How to Embed a jBPM Process in a Java EE Application

jBPM APIs allow you to manage complex processes without a dedicated server

How to Embed a jBPM Process in a Java EE Application

You have some nasty business workflows that need to be tamed.

And you've heard how easy it is to build, visualize, and modify complex processes with JBoss BPMS (now called Process Automation Manager).

But even though you want this functionality, you don’t have the resources to set up a standalone server.

So..what do you do?

BPMS, Without a Dedicated Server

If you want process management without a standalone server, then you can..

Embed JBPM in Your Application

You can use the JBPM APIs to run your processes directly from your java code.

What You’ll Need

  1. JBoss Developer Studio w/ JBoss EAP 7.1+ Download here
  2. JBoss Maven Repositories (Section 1: Steps 4-7)
  3. Basic Maven & EJB knowledge

Build a KJAR

Step 1: Download and import the simple-process-starter project

  • It's a bare java 1.8 maven project

Step 2: Change packaging to kjar

  • In your pom.xml, add the jbpm version between the property tags
  • Add the kie maven plugin in between the build tags
  • Change packaging to kjar (a package structure for workflow files)

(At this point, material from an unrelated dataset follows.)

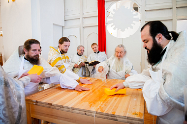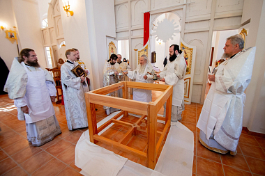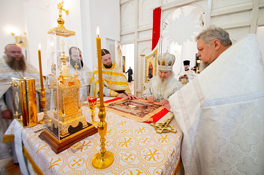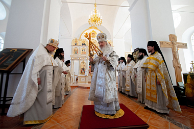 В завершение глава Татарстанской митрополии поздравил духовенство, настоятеля и братию с престольным праздником обители и освящением обновленного храма:

Step 3: Add a kmodule descriptor

  • In src/main/resources/META-INF, create a file called kmodule.xml with the following:
<kmodule xmlns="" xmlns:xsi=""/>

Step 4: Add a sample process

  • Create the folder src/main/resources/com/sample
  • Unzip this and copy the process (the bpmn file) into that folder
  • If you want to view the process diagram, download the BPM eclipse plugin. I'm using v1.4.3

Step 5: Build & Deploy to Maven Repo

  • Right click your project -> Run as -> Maven Build. In the goals section, type:
clean install

Run an Embedded Process

Step 1: Download & import the embedded-process-starter project

  • It’s a single page web application. After we’re done, we’ll be able to start a process with one click.
  • The pom.xml contains dependencies for running a jBPM process.
  • The persistence.xml contains standard objects and queries for jBPM

Step 2: Deploy the KJAR

  • Open the StartupBean class. It's an EJB that runs at startup (@Startup)
  • Inside this class, declare a DeploymentService EJB
DeploymentServiceEJBLocal deploymentService;
  • In the init() method, deploy the kjar we just built.
String[] gav = DEPLOYMENT_ID.split(":"); // Splits into group, artifact, and version 

DeploymentUnit deploymentUnit = new KModuleDeploymentUnit(gav[0], gav[1], gav[2]); 

  • The group, artifact and version specify which artifact we want to deploy

Step 3: Start the process

  • In ProcessServlet, declare a ProcessorService EJB
private ProcessServiceEJBLocal processService;
  • In doPost(), add code to start our process
long processInstanceId = -1; 
Map<String, Object> params = new HashMap<String, Object>(); 
processInstanceId = processService.startProcess(StartupBean.DEPLOYMENT_ID, "com.sample.bpmn.hello", params); 

System.out.println("Process instance " + processInstanceId + " has been successfully started.");

Step 4: Build & Deploy to JBoss

  • Right click your project -> Run as -> Maven Build.
Goals: clean install
  • Deploy using Method 1 here. If you're on EAP 7, be sure to start your server with the full profile:
./ --server-config=standalone-full.xml

Step 5: Start a process


Build a kjar

We created a kjar with our sample process and deployed it to maven

  • KJAR (knowledge jar) -  a packaged artifact of all our business rules & process files
  • kie-maven-plugin - a plugin to compile our processes & create the kjar
  • kmodule - a kjar descriptor

Run an Embedded process

1: We declared a DeploymentService to deploy our process.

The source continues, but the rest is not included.